### Required work
Nothing outside the stretch is wanted. Repeat exactly the lines of the listing below from the one that contains "CARL Cutting Blade" through the one that contains "Het perceel waarop", both ends included.

### Supplied material
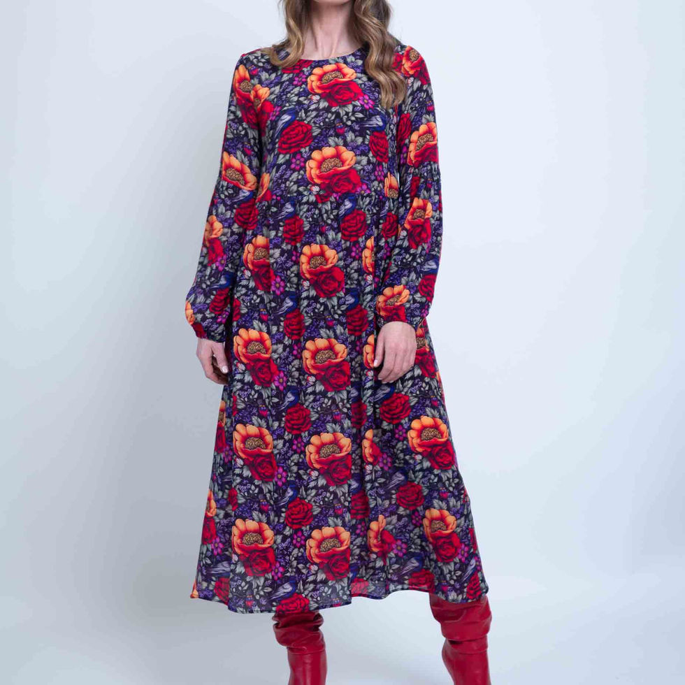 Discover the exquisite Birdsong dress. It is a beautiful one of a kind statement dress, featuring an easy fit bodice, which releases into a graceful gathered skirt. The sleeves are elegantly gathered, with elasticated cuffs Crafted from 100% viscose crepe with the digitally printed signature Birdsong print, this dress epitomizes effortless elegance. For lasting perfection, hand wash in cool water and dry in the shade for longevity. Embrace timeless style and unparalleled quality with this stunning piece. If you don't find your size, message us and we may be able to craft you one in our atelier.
...
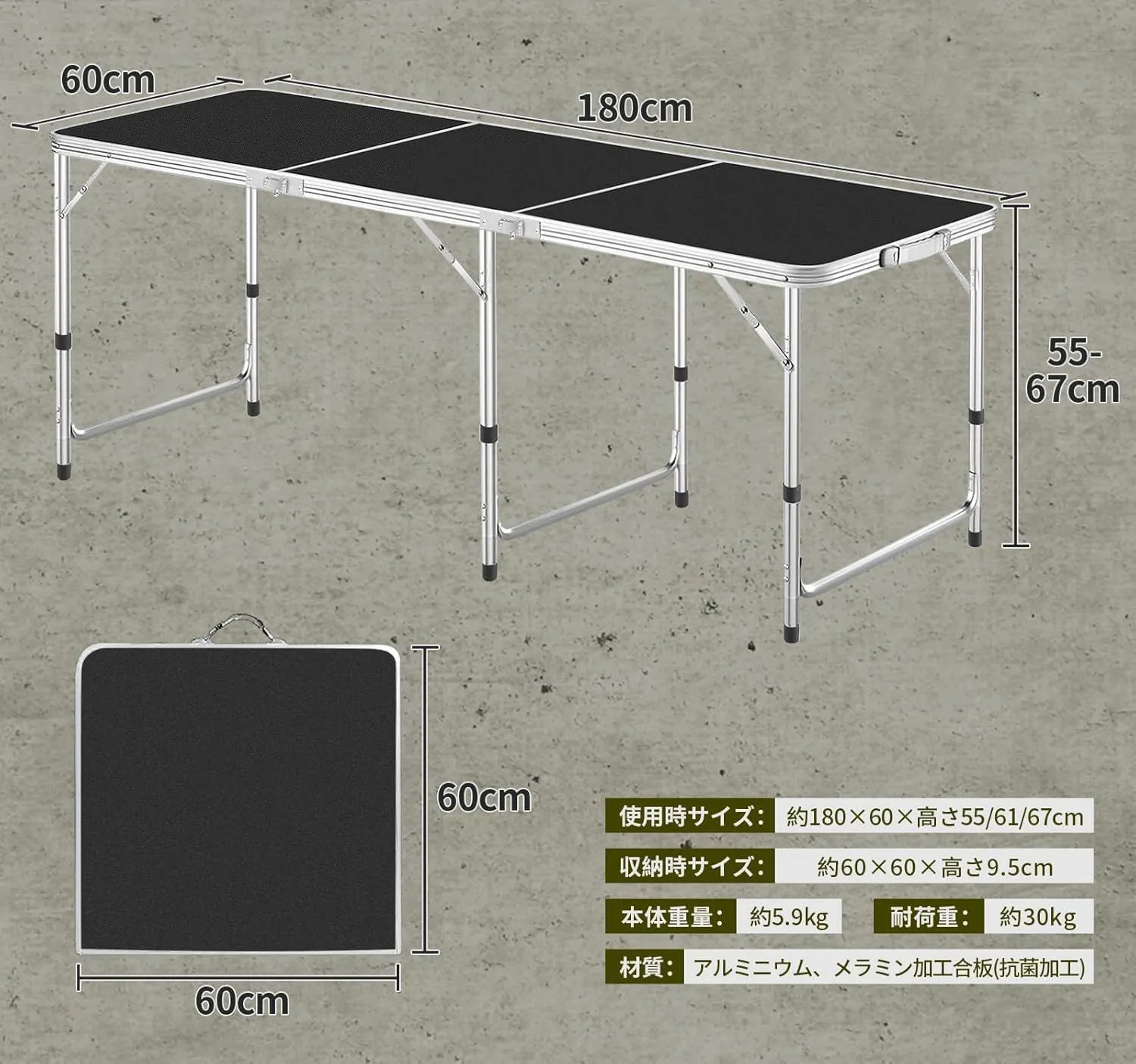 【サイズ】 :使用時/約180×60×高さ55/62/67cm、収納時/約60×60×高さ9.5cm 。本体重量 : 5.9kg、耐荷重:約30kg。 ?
--
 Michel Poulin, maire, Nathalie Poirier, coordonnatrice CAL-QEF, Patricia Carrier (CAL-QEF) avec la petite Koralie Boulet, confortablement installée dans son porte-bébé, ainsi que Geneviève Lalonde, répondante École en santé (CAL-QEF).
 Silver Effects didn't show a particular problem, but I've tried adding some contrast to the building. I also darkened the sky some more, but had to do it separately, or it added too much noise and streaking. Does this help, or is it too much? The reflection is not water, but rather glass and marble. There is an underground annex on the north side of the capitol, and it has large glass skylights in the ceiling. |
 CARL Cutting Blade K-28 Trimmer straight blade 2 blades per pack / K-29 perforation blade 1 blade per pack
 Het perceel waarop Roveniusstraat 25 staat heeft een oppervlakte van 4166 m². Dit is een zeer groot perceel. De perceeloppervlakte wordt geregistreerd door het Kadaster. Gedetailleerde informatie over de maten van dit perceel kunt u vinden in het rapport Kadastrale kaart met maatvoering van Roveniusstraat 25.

### Response box
 CARL Cutting Blade K-28 Trimmer straight blade 2 blades per pack / K-29 perforation blade 1 blade per pack
 Het perceel waarop Roveniusstraat 25 staat heeft een oppervlakte van 4166 m². Dit is een zeer groot perceel. De perceeloppervlakte wordt geregistreerd door het Kadaster. Gedetailleerde informatie over de maten van dit perceel kunt u vinden in het rapport Kadastrale kaart met maatvoering van Roveniusstraat 25.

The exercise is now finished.